First, Cerulean publishers are independent so they pulled my contract, right in the middle of my first paragraph, chucked me out of the plane without so much as a ‘chute. I survived, obviously, but not without the requisite broken bones. I’m still prancing about on crutches. Yeah, wooden ones. I mean, I broke my legs for the Syndicate and they can’t spare some change for hover shoes?

“You’re just only a short story writer.” This was Ampersand – yes his real name. Royalty. Born into the Syndicate. He is EarthSyndicate’s Managing Editor, and an all-round asshole. This is an objective assessment, even his sister, Cedilla, agrees. She’s an asshole too. A pretty one, but there’s only one thing that comes out of assholes.

Worse than being denied the comfort of floating through air after suffering possible long-term damage to the lower extremities, are the daily assignments from the top brass. Rupert and I are writer’s for hire – mercenaries with word processors, propagandists, vilifiers, licensed libelers. I shudder to think how many have turned coat on account of our words, how many rot in the dungeons beneath the Castle at 1745, how many we have sent to the gallows. Oh how mighty the pen is! But in my defense, I am a poor writer. I doubt I’ve had as much success as Rupert. He enjoys these assignments, the fucker, likes to see the fruit of his labor. I should have known he was a sadistic sonofabitch. The signs were there. His first collection of poetry was called I Want to Hear You Scream. I had always thought it referred to adult play, which it does, but not really in that pleasant give and take way you’d expect a poet of his calibre to be master of. I picked up a copy the other day and I’ve been having nightmares since. Of course, not many people read in between the lines. You’d need a lemon for that, and an iron-box, but there’s very few iron-boxes still around, outside the museums. I have one but just because I like old electrical appliances. It’s a hobby of mine.
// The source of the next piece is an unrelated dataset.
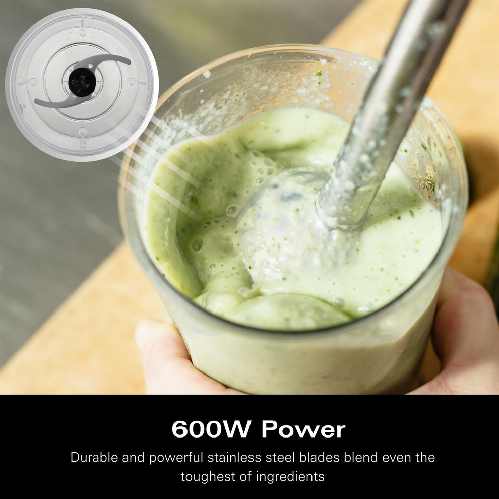 Powered by a robust 600W motor and durable stainless steel blades, it tackles even tough ingredients with smooth precision. The ergonomic design and easy-release handle offer comfort and control with every use.

Worse still, than being a writer for hire for the Syndicate, is being a writer for hire for the Syndicate minus the pay. You’d think with its multi-gazillion yuan that they could at least shell out for lunch.

“You are just only a short story writer.” Ampersand again.
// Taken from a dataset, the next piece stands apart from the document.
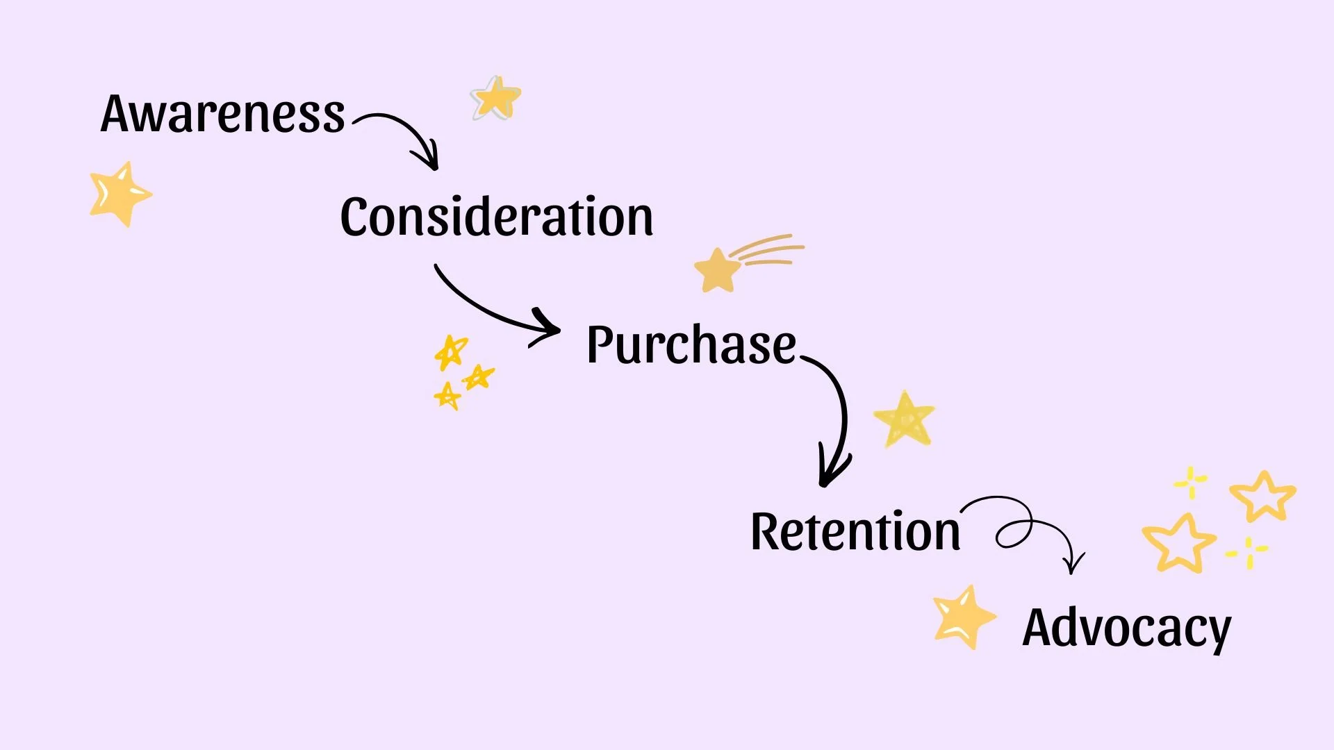 5 stage model of the customer journey showing awareness, to consideration, to purchase, to retention, to advocacy.

“I will have you know that short stories are difficult and complex and–”

“You will have me what?”Ampersand barked.

“No. No. I meant – in the meekest sense – your highness, that short stories have their merits–”

“Know your place, Pedlar.”

“Yes sir.”

“Editor. Writer. Managing Editor. Just only a short story writer.”
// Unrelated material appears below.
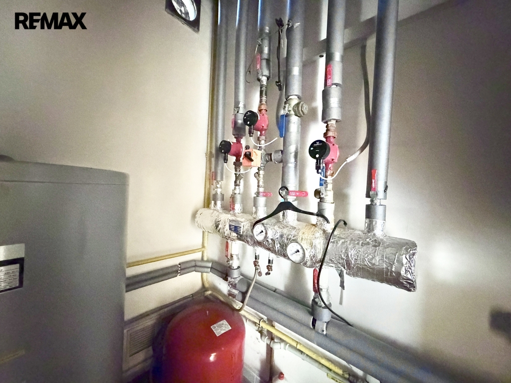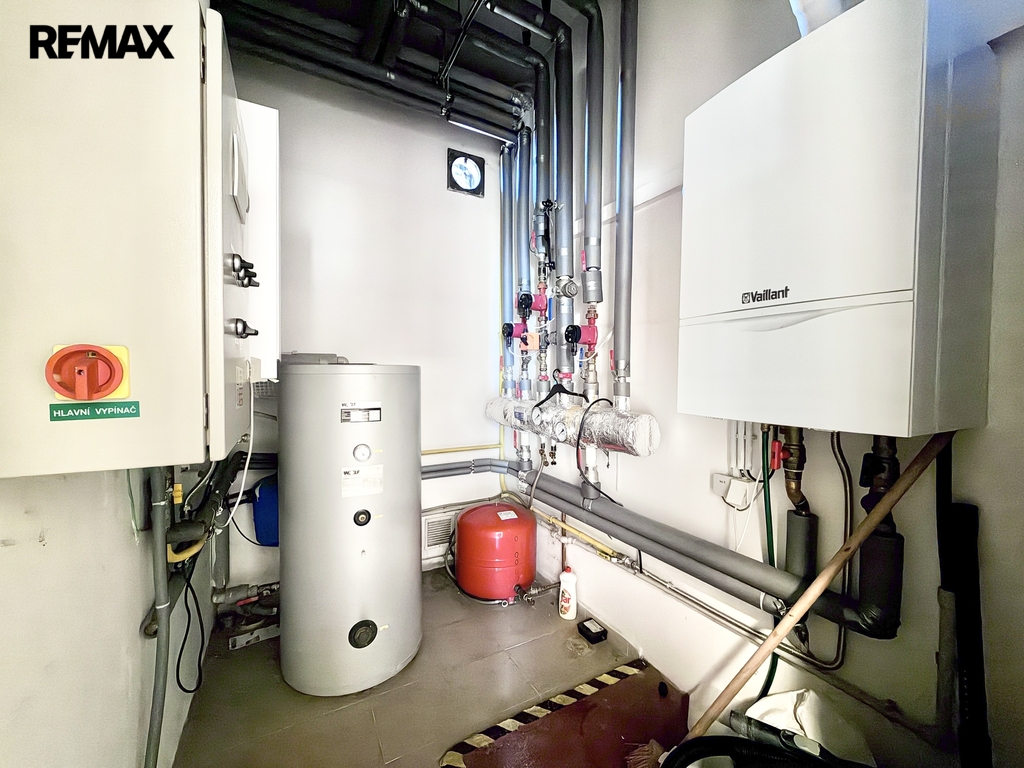 V objektu - obecní vodovod, napojen na kanalizaci, elektřina 220 W a 380 W, ohřev vody a vytápění plyn.

“Only just, your highness.”


“Only just a short story writer. Not just only. You’re inverting the wording.”

Of course I was mad, don’t let the tone of voice confuse you. Here was this little fucker telling me to know my place and all because of what, his random birth? The boy calls himself editor but has no facility for language – probably bribed his way through school. But I was also stupid. Never get into a pissing match with infantile over-compensators. Their egos are the stuff that destroy worlds.

So naturally, I was up against the wall, my legs dangling in mid-air and slowly dying of asphyxiation when I hatched my revenge scheme.

“That’s enough, Ed,” Ampersand said to his brain-dead brute of a bodyguard. “I think the just only short story writer has learned his place. And just when I was thinking to start paying you.”

The two walked off and I sat on the floor, my back to the wall, struggling to catch my breath. Then she walked in, ingredient number one of my cold cold dish: Cedilla, princess of the air, EarthSyndicate’s Associate Publisher.

I got up to greet her, cooed her name in the smoothest voice I could muster. She shot me a glance, walked past me and then flicked her wrist – an invitation to follow her. I obliged, unable to take my eyes off her silk-smooth legs. Jeffrey Pedlar, agent provocateur. I liked the sound of that. My little rebellion was about to begin.